User:Polygon/Page for testing: Difference between revisions

1RB2LB0LB_2LC2LA0LA_2RD1LC1RZ_1RA2LD1RD (bbch) is a pentational halting BB(4,3) TM. It was discovered in May 2024 by Pavel Kropitz as one of seven long running TMs and achieves a score of over ${\displaystyle 3\uparrow \uparrow \uparrow 88574}$. Polygon analysed the TM by hand in October 2025, providing its score.

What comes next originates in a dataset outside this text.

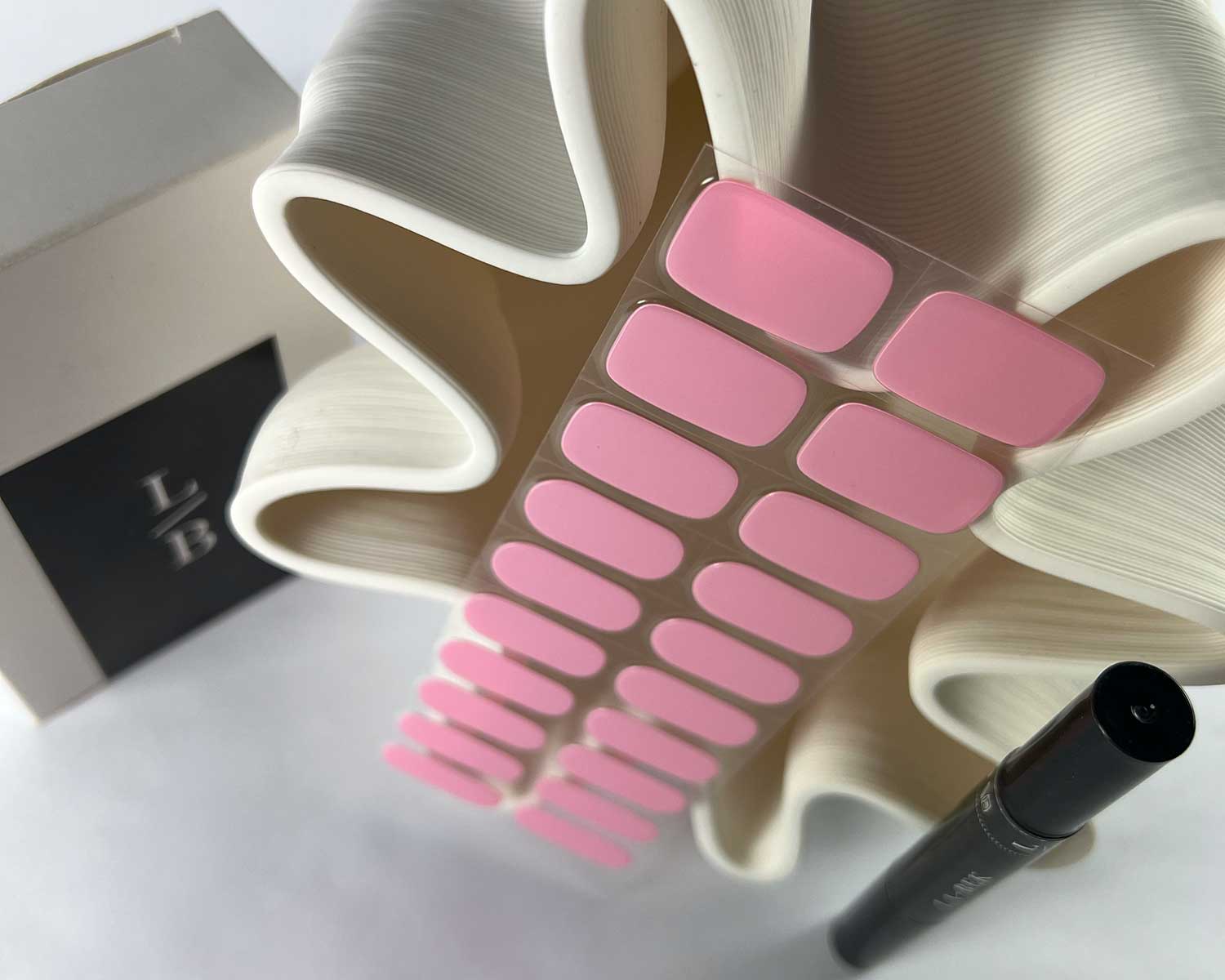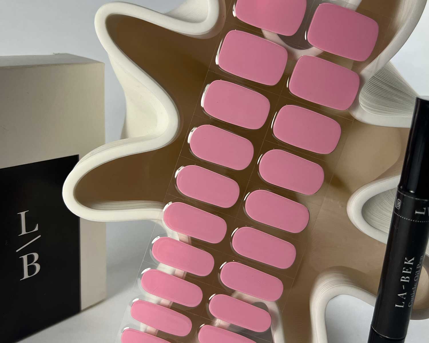 - Apply your La-Bek nail strips as usual and cure fully under your UV/LED lamp (see above).

Pavel listed the halting tape as:

1 Z> 1^(162*3^((3*<(243*3^(6) - 5)/2; (<(54*3^((3b + 11)/2) - 2); (54*3^((3b + 14)/2) - 6); (54*3^(7) - 6)> + 1); (<(54*3^((3*<(54*3^(7) - 3); (54*3^((3b + 14)/2) - 6); (54*3^((81*3^(7) - 2)) - 6)> + 14)/2) - 2); (54*3^((3b + 14)/2) - 6); (54*3^(7) - 6)> + 1)> + 11)/2)) 2

Analysis by Polygon

S is any tape configuration

1. S 1^a <C S --> S <C 1^a S [+a steps]
2. S 1^a <D S --> S <D 2^a S [+a steps]
3. S D> 2^a S --> S 1^a D> S [+a steps]

4. S (11)^a <A S --> S <A (22)^a S [+2a steps]
   S (11)^a <B S --> S <B (22)^a S [+2a steps]

5. 0^inf 2 (11)^a A> (22)^b S --> 0^inf 2 (11)^a+3 A> (22)^b-1 S [+8a +24 steps]
6. 0^inf 2 (11)^a A> (22)^b S --> 0^inf 2 (11)^a+3b A> S

7. 0^inf 2 (11)^a A> 0 (22)^b S --> 0^inf 2 1 (11)^1 A> (22)^a+2 0 (22)^b-1 S [+6a +28 steps]

8. 0^inf 2 (11)^a A> 2 0 2 S --> 0^inf 2 1 (11)^a+3 A> S [+8a +27 steps]

9. 0^inf 2 1 (11)^a A> (22)^b S --> 0^inf 2 1 (11)^3a+4 A> (22)^b-1 S
10. 0^inf 2 1 (11)^a A> (22)^b S --> 0^inf 2 1 (11)^g_1^b(a) A> S

11-1. 0^inf 2 1 (11)^a A> 0 (22)^b S --> 0^inf 2 (11)^3a+4 A> 0 (22)^b-1 2 S
11-2. 0^inf 2 1 (11)^a A> 0 (22)^b S --> 0^inf 2 1 (11)^1 A> (22)^3a+6 0 (22)^b-2 2 S

12. 0^inf 2 (11)^a A> 0 11 S --> 0^inf 2 1 (11)^1 A> 0 (22)^a+2 2 S [+6a +31 steps]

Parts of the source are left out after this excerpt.